> [WHAT THE EXERCISE ASKS]:
Would you please repeat, word for word, only the lines from the one holding "Twee uitneembare kommen" through the one holding "8日上午11时许,府前小区—" in the material below, without the pictures?

> [DATA FOR THIS TASK]:
------------------------
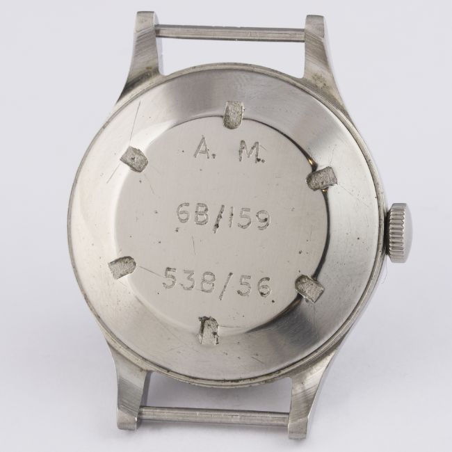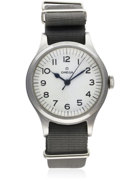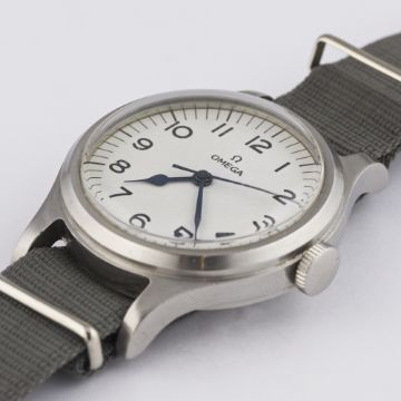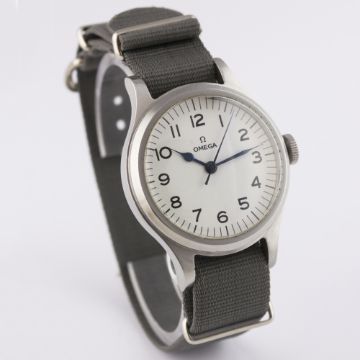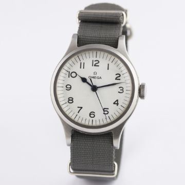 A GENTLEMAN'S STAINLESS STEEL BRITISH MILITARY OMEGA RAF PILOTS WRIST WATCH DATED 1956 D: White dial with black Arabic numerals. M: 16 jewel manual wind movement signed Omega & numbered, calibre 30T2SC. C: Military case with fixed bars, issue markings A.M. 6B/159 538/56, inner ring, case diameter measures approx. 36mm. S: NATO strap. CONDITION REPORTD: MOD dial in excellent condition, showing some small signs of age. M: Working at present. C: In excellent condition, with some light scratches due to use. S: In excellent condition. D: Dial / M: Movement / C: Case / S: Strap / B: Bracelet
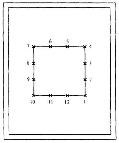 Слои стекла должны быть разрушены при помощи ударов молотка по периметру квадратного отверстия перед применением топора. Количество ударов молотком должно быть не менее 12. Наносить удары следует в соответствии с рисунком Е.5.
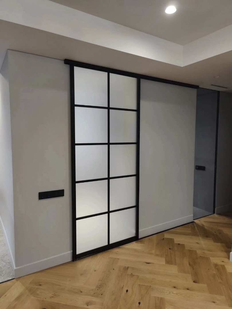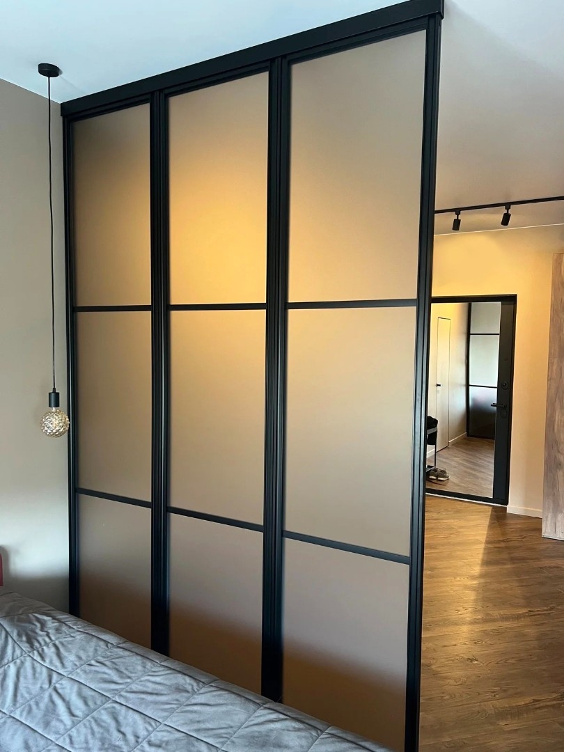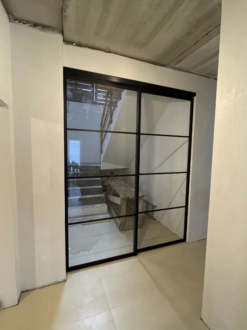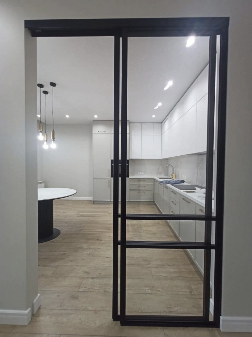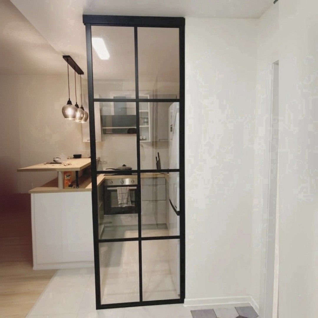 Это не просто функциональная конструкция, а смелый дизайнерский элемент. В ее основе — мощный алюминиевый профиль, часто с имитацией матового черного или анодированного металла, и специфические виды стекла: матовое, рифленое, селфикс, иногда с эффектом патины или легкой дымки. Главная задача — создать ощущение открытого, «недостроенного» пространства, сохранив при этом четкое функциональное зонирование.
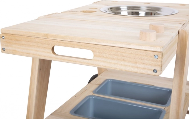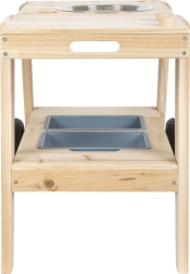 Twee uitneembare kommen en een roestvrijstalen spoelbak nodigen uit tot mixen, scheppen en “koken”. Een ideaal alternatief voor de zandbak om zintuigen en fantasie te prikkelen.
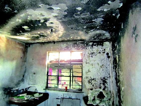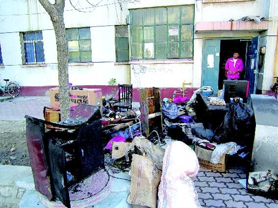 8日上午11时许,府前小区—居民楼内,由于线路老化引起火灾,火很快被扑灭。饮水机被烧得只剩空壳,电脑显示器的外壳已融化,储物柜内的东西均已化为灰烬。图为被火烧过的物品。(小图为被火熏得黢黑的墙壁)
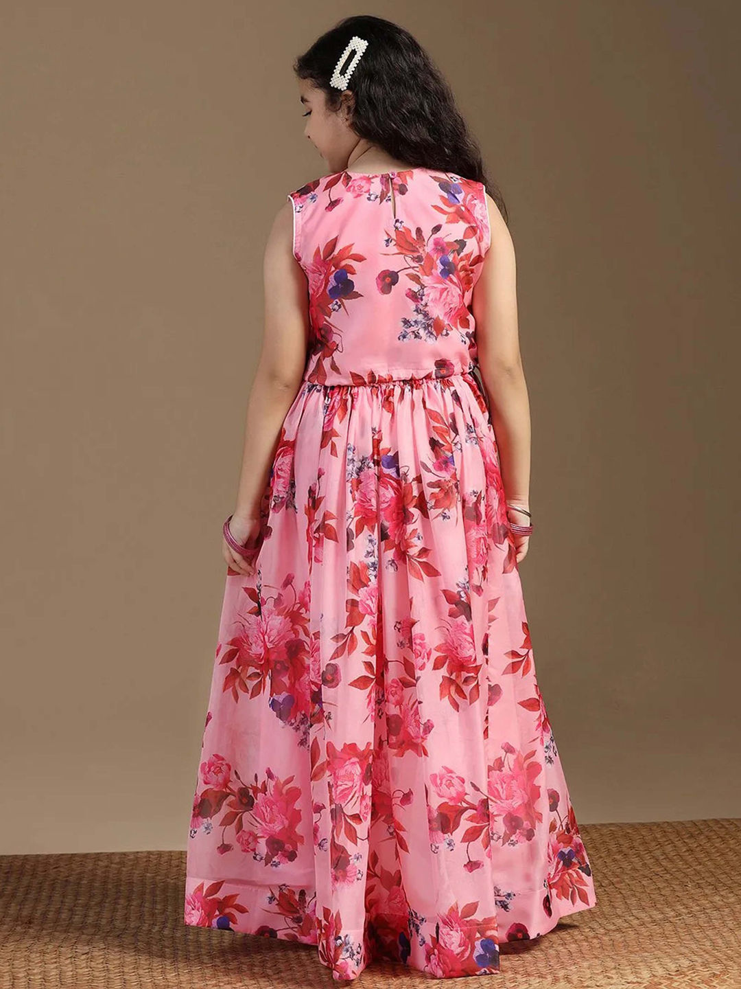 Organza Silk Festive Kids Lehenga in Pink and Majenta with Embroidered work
------------------------
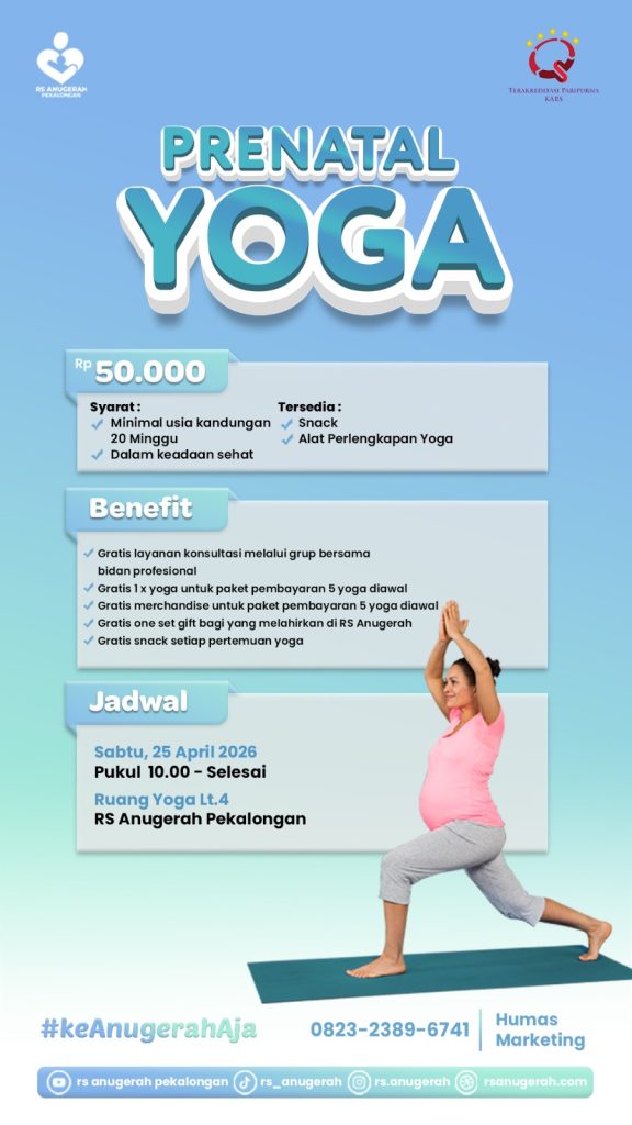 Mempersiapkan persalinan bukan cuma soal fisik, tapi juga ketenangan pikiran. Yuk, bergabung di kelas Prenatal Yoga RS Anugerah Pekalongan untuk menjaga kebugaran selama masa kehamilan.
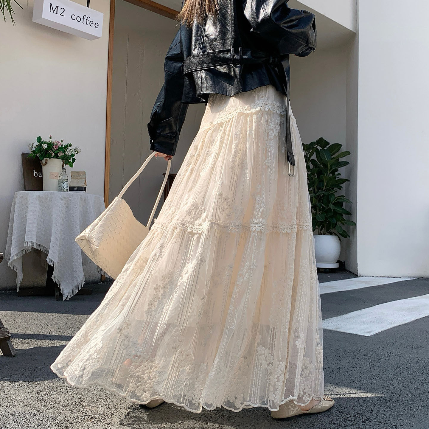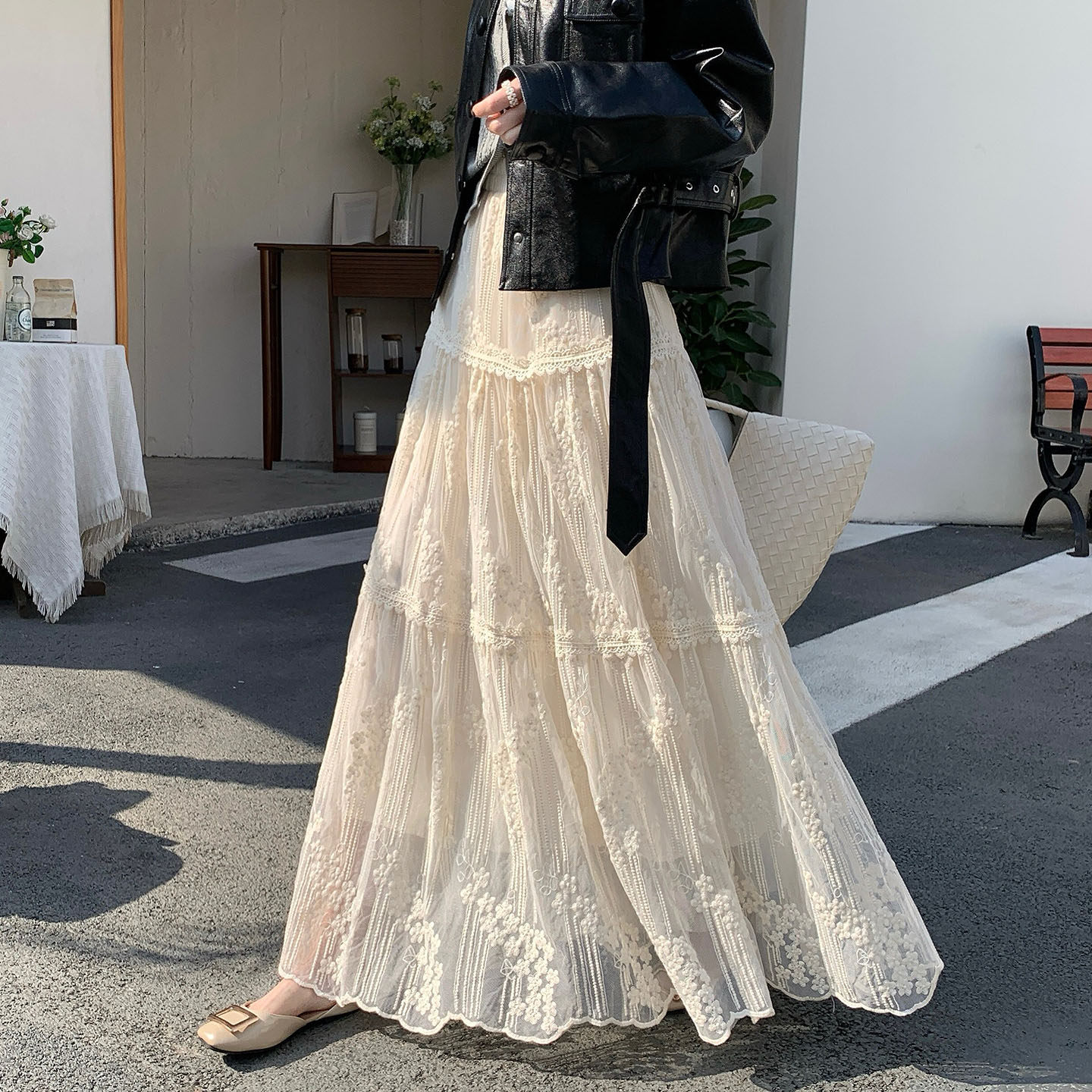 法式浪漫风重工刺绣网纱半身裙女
------------------------
> [ANSWER SPACE]:
 Twee uitneembare kommen en een roestvrijstalen spoelbak nodigen uit tot mixen, scheppen en “koken”. Een ideaal alternatief voor de zandbak om zintuigen en fantasie te prikkelen.
 8日上午11时许,府前小区—居民楼内,由于线路老化引起火灾,火很快被扑灭。饮水机被烧得只剩空壳,电脑显示器的外壳已融化,储物柜内的东西均已化为灰烬。图为被火烧过的物品。(小图为被火熏得黢黑的墙壁)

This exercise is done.